Internally, the regression head consists of three convolutional layers:

The first layer is a 3×3 convolution with padding 1 that maps the input channels to an intermediate number of channels (usually 256), followed by a ReLU activation.
The second layer is another 3×3 convolution with padding 1 that keeps the same number of channels, again followed by a ReLU.
The third layer is a 3×3 convolution with padding 1 that reduces the channels to 2 × N.

Classification Head#

The classification head takes a feature map as input and outputs a prediction map with the same height and width, but with N channels. For an input image of size W × H, the classification head effectively predicts a dense set of W/8 × H/8 × N confidence scores. Each score indicates how likely it is that the corresponding candidate location predicted by the regression head represents a true person in the image.

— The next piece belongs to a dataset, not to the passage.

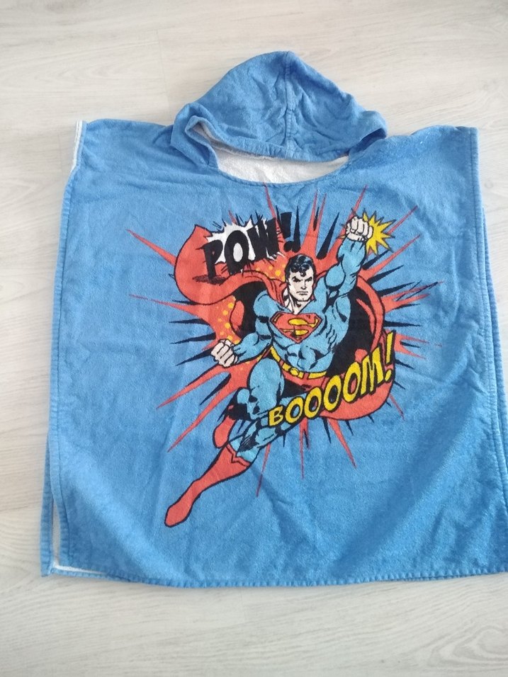 Kapüşonlu, yumuşak mavi kumaş üzerine renkli süper kahraman baskılı erkek çocuk bornozu. ♂️

Internally, the classification head consists of three convolutional layers:

The first layer is a 3×3 convolution with padding 1 that maps the input channels to an intermediate number of channels (usually 256), followed by a ReLU activation.
The second layer is another 3×3 convolution with padding 1 that keeps the same number of channels, again followed by a ReLU.
The third layer is a 3×3 convolution with padding 1 that reduces the channels to N.

Summary#

The P2PNet architecture consists of a backbone, neck, and head that work together to produce dense predictions of candidate locations and their confidence scores. Rather than directly regressing (x, y) coordinates for each person, P2PNet predicts offsets from a grid of anchor points. In the next chapter, you will see how these predicted offsets are decoded into head locations in the original image space, matched with ground-truth annotations, and used to define the training loss.